Lucille Ball has been, I’m sure, an inspiration to so many. After all, how can her story of triumphs and successes not motivate us all to get out there and make our goals into our realities? In ways, Lucille is every bit as much the personification of the American Dream as the character she brought into millions upon millions of people’s lives. I’ve been a fan of hers for more years than I can remember – and I have the books, DVDs, and even the I Love Lucy trivia game to prove it – but I didn’t come across this quote of hers until yesterday. It’s one that immediately resonated with me, and I knew I just had to use it for a blog entry. Lucille had dreams. She had big dreams. But she didn’t stop there. She took a chance, she put her heart on the line, and she set about making those dreams come true.

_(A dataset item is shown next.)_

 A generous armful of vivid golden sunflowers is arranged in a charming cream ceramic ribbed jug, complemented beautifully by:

Would it have been easier not to? Absolutely. I’d imagine there are few tougher towns to crack than Hollywood. But would she have regretted not trying? Of course I can’t speak for her, but the above quote tells me that she would. And you know what? She’s right. She’s so right. Sure, it’s easier to not take that first step down what may be a long road to reaching for the stars and accomplishing your goals. It’s easier to go along with what is instead of pushing forward and striving for what could be. That’s something Emily, my main character, knows about all too well. The safe route has been her route for so long that she can’t remember a time when it wasn’t. But when she takes the road less traveled, she realizes there’s a whole other side to life that she had been missing out on. And really, don’t we all owe it to ourselves to do the same thing?
Yes, that leap of faith can be hard to take. The uncertainty can be intimidating. But what this journey toward publication continues to teach me every day is that it’s all worth it. No matter what the outcome, I’ve learned things about myself as a writer and a person that I otherwise may not have. I am wholly, completely, entirely certain that had I not pursued this, I always would have regretted it. I’d always have wondered “what if?” and that’s something I don’t want to do, not with a passion that’s grabbed a hold of me as tightly as this one has. I’d rather regret going after this whole-heartedly than not going after it at all.

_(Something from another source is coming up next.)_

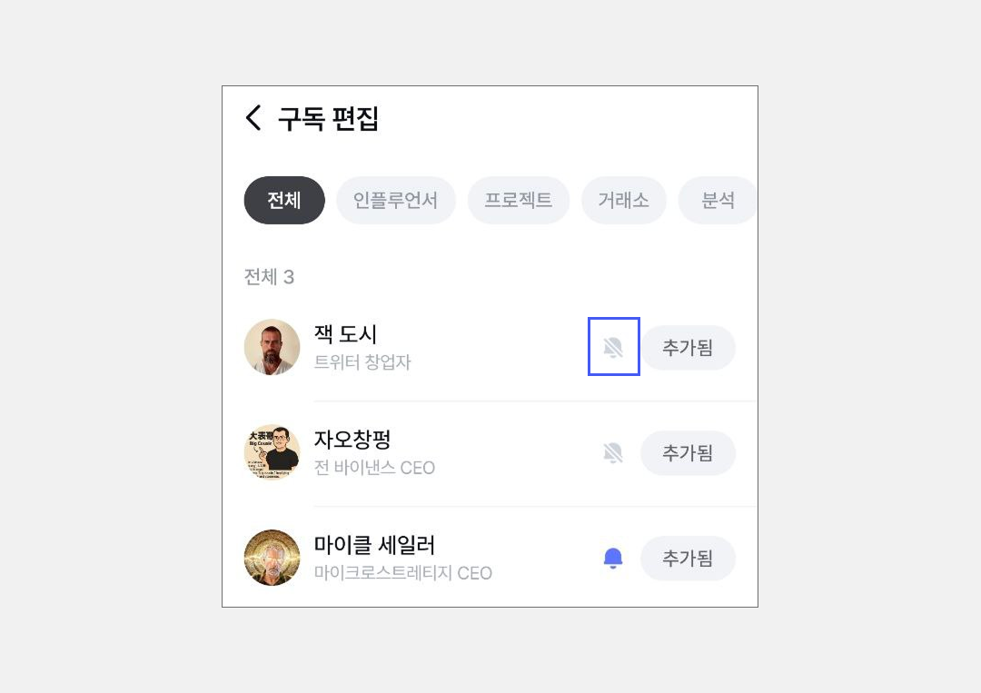 2. 구독 중인 피드 항목 옆의 ‘종(🔔)’ 아이콘을 클릭해서 알림을 설정하세요.

Except, honestly? I could never regret it. I don’t know where this road will lead, but what I do know is that it’s already been the ride of a lifetime. I wouldn’t trade that for anything. So, no matter what, no regrets … just a lot of hope, faith, hard work, and big dreams. Because with all of those and the support of people as special to me as Ricky, Ethel, and Fred were to Lucy, how can I go wrong?

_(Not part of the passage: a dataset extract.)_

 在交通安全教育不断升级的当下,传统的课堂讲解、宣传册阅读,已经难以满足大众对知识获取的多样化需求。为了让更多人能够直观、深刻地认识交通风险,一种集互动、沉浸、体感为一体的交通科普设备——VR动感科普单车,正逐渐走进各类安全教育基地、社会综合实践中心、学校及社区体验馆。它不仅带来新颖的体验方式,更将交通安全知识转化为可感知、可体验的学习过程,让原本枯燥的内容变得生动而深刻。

Do you believe in Lucille’s philosophy? Have you ever done or not done something you regret? And as a sidenote – what’s your favorite I Love Lucy episode? Mine will always be the one where they’re on the road to California and get tricked into spending the night at a small motel by the train tracks. That image of Lucy clinging to Ricky as their bed jumps across the room gets to me EVERY. SINGLE. TIME. Seriously, talk about laughing out loud! That’s what Lucy – and Lucille – did for us, though, and I know that I, for one, will always be grateful she decided to push ahead with no regrets. I’m quickly finding out that it’s the best way to live.